─── DATASET RECORDS ───

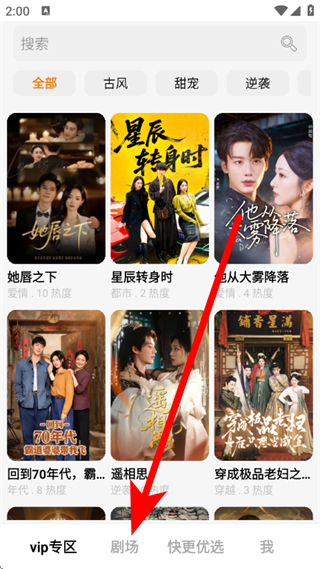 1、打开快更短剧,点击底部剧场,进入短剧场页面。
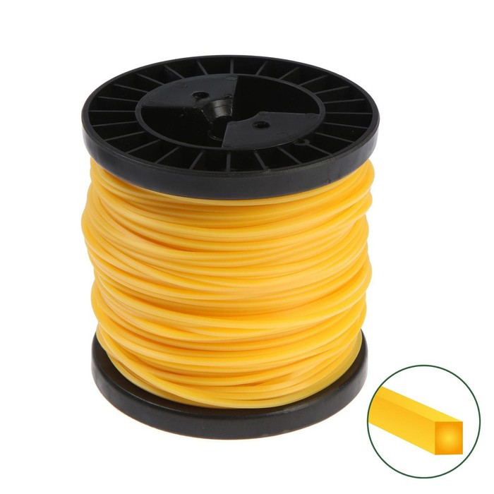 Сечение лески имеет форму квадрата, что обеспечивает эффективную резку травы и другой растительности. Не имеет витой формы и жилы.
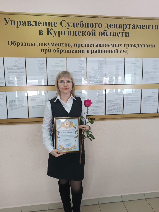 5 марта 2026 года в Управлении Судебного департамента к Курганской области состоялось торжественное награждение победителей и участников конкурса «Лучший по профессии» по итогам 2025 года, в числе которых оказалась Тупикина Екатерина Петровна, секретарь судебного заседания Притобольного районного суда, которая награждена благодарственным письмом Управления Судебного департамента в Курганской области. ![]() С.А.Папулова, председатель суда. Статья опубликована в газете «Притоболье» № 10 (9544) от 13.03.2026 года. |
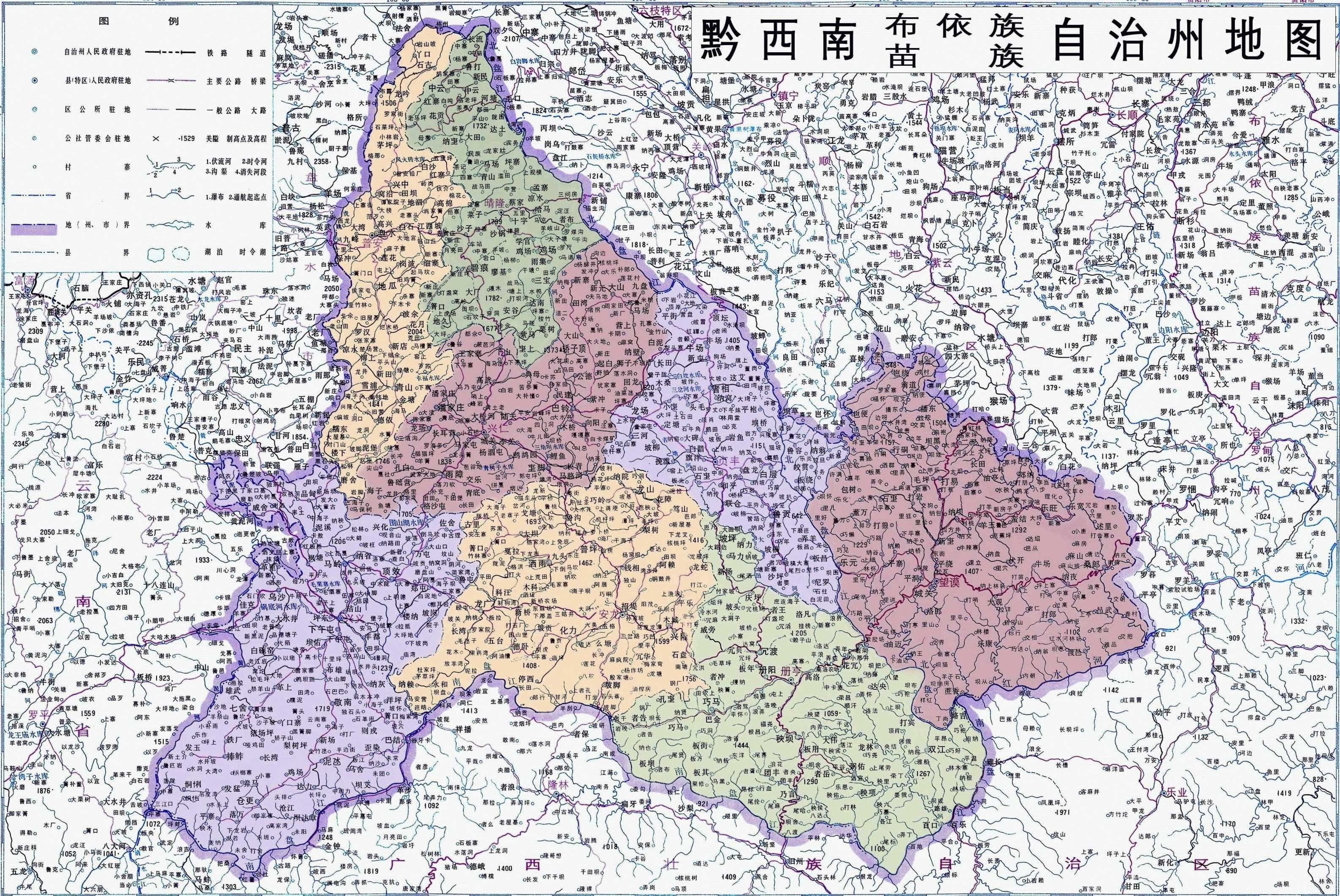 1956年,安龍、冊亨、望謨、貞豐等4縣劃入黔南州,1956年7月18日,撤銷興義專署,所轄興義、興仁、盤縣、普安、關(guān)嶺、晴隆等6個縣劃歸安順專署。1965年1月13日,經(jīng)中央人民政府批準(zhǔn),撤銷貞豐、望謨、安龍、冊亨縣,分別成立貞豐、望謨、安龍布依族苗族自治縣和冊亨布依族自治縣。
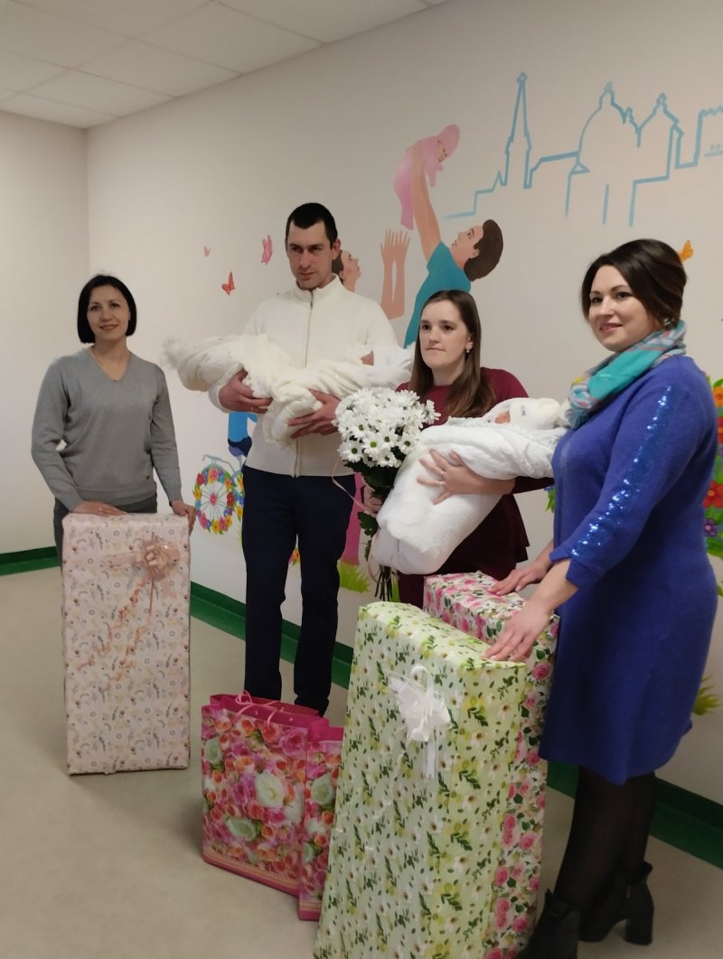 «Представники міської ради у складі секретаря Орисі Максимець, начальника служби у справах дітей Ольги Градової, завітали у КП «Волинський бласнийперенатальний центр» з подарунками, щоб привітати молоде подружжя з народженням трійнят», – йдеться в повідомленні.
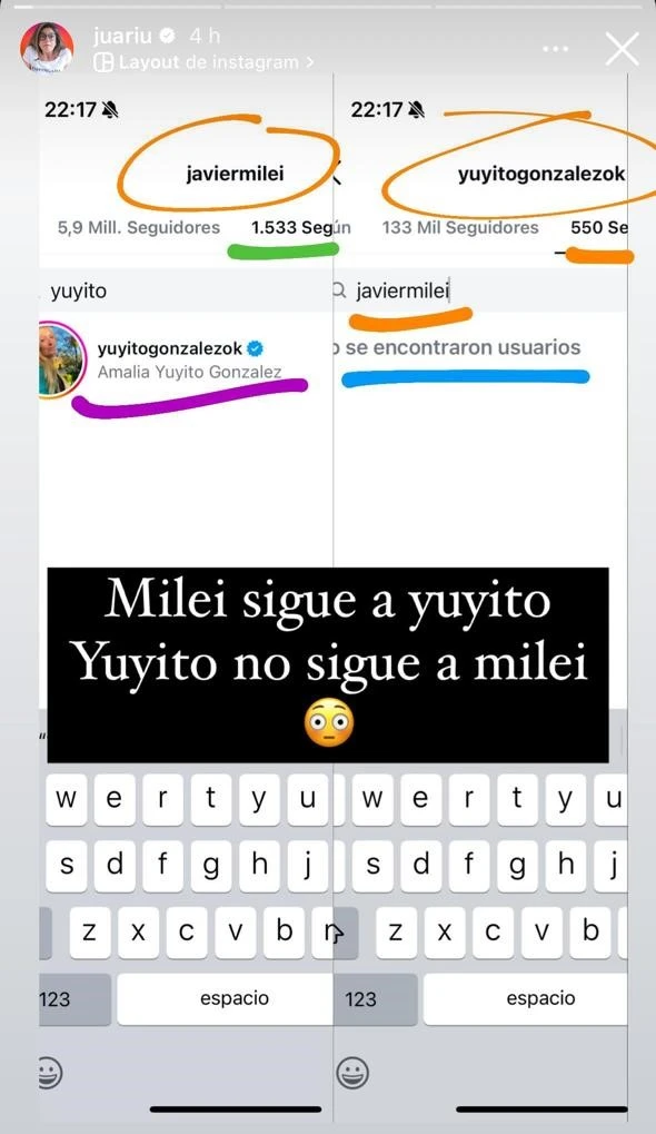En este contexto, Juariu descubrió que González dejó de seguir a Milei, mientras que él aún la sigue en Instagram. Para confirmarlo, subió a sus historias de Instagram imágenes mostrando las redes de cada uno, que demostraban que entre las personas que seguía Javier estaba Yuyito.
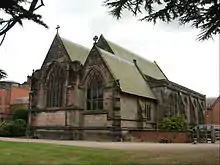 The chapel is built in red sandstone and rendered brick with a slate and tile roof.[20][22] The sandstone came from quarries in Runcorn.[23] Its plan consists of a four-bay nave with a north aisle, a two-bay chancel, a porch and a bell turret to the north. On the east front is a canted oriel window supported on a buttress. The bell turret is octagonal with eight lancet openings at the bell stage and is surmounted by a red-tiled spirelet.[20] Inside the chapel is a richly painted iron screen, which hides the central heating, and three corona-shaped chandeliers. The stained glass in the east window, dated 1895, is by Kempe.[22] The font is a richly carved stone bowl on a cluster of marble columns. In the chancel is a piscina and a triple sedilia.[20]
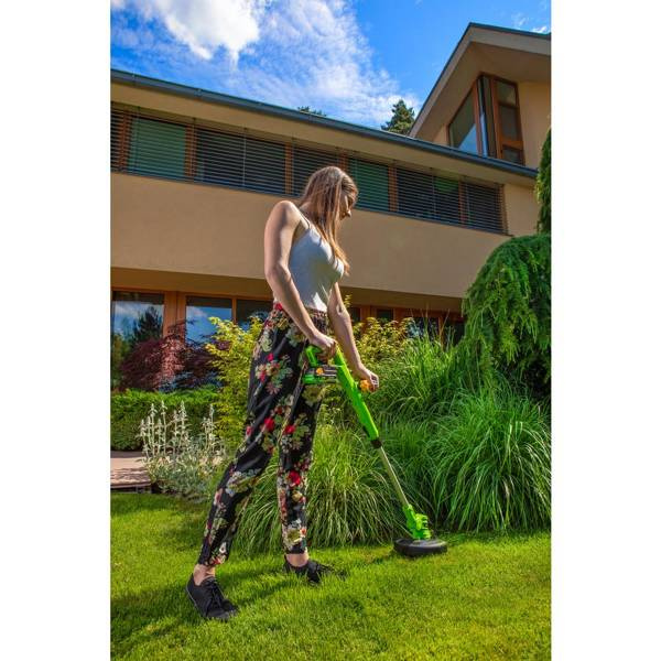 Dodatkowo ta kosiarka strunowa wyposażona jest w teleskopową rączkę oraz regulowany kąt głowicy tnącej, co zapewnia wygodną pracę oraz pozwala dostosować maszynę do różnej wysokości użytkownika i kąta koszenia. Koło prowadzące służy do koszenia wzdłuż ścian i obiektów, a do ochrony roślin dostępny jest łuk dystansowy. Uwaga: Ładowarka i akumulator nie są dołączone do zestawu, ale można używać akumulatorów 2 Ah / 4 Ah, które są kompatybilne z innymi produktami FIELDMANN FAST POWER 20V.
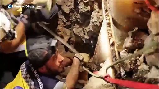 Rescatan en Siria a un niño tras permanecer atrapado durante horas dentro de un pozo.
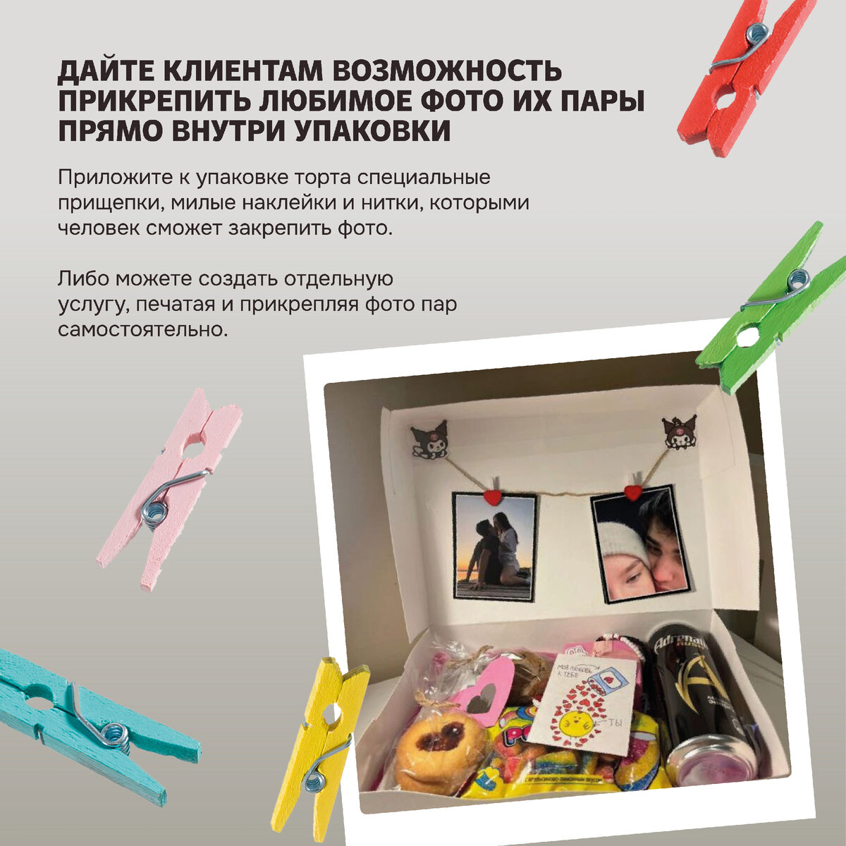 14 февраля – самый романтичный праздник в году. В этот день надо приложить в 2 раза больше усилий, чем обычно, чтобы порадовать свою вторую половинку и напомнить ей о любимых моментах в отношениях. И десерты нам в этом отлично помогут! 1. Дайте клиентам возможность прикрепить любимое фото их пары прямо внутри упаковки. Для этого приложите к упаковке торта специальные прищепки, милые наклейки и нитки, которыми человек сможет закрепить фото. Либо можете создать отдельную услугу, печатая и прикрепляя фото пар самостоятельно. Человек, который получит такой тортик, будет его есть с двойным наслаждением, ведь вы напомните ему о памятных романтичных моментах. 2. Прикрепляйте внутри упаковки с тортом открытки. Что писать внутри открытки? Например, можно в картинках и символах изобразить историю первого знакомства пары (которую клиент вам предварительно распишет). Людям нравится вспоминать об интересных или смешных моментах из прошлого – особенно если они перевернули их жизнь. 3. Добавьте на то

───

A word-for-word copy of the records above is needed, pictures excluded.

SOLUTION TO THIS PROBLEM:
 1、打开快更短剧,点击底部剧场,进入短剧场页面。
 Сечение лески имеет форму квадрата, что обеспечивает эффективную резку травы и другой растительности. Не имеет витой формы и жилы.
 5 марта 2026 года в Управлении Судебного департамента к Курганской области состоялось торжественное награждение победителей и участников конкурса «Лучший по профессии» по итогам 2025 года, в числе которых оказалась Тупикина Екатерина Петровна, секретарь судебного заседания Притобольного районного суда, которая награждена благодарственным письмом Управления Судебного департамента в Курганской области. ![]() С.А.Папулова, председатель суда. Статья опубликована в газете «Притоболье» № 10 (9544) от 13.03.2026 года. |
 1956年,安龍、冊亨、望謨、貞豐等4縣劃入黔南州,1956年7月18日,撤銷興義專署,所轄興義、興仁、盤縣、普安、關(guān)嶺、晴隆等6個縣劃歸安順專署。1965年1月13日,經(jīng)中央人民政府批準(zhǔn),撤銷貞豐、望謨、安龍、冊亨縣,分別成立貞豐、望謨、安龍布依族苗族自治縣和冊亨布依族自治縣。
 «Представники міської ради у складі секретаря Орисі Максимець, начальника служби у справах дітей Ольги Градової, завітали у КП «Волинський бласнийперенатальний центр» з подарунками, щоб привітати молоде подружжя з народженням трійнят», – йдеться в повідомленні.
En este contexto, Juariu descubrió que González dejó de seguir a Milei, mientras que él aún la sigue en Instagram. Para confirmarlo, subió a sus historias de Instagram imágenes mostrando las redes de cada uno, que demostraban que entre las personas que seguía Javier estaba Yuyito.
 The chapel is built in red sandstone and rendered brick with a slate and tile roof.[20][22] The sandstone came from quarries in Runcorn.[23] Its plan consists of a four-bay nave with a north aisle, a two-bay chancel, a porch and a bell turret to the north. On the east front is a canted oriel window supported on a buttress. The bell turret is octagonal with eight lancet openings at the bell stage and is surmounted by a red-tiled spirelet.[20] Inside the chapel is a richly painted iron screen, which hides the central heating, and three corona-shaped chandeliers. The stained glass in the east window, dated 1895, is by Kempe.[22] The font is a richly carved stone bowl on a cluster of marble columns. In the chancel is a piscina and a triple sedilia.[20]
 Dodatkowo ta kosiarka strunowa wyposażona jest w teleskopową rączkę oraz regulowany kąt głowicy tnącej, co zapewnia wygodną pracę oraz pozwala dostosować maszynę do różnej wysokości użytkownika i kąta koszenia. Koło prowadzące służy do koszenia wzdłuż ścian i obiektów, a do ochrony roślin dostępny jest łuk dystansowy. Uwaga: Ładowarka i akumulator nie są dołączone do zestawu, ale można używać akumulatorów 2 Ah / 4 Ah, które są kompatybilne z innymi produktami FIELDMANN FAST POWER 20V.
 Rescatan en Siria a un niño tras permanecer atrapado durante horas dentro de un pozo.
 14 февраля – самый романтичный праздник в году. В этот день надо приложить в 2 раза больше усилий, чем обычно, чтобы порадовать свою вторую половинку и напомнить ей о любимых моментах в отношениях. И десерты нам в этом отлично помогут! 1. Дайте клиентам возможность прикрепить любимое фото их пары прямо внутри упаковки. Для этого приложите к упаковке торта специальные прищепки, милые наклейки и нитки, которыми человек сможет закрепить фото. Либо можете создать отдельную услугу, печатая и прикрепляя фото пар самостоятельно. Человек, который получит такой тортик, будет его есть с двойным наслаждением, ведь вы напомните ему о памятных романтичных моментах. 2. Прикрепляйте внутри упаковки с тортом открытки. Что писать внутри открытки? Например, можно в картинках и символах изобразить историю первого знакомства пары (которую клиент вам предварительно распишет). Людям нравится вспоминать об интересных или смешных моментах из прошлого – особенно если они перевернули их жизнь. 3. Добавьте на то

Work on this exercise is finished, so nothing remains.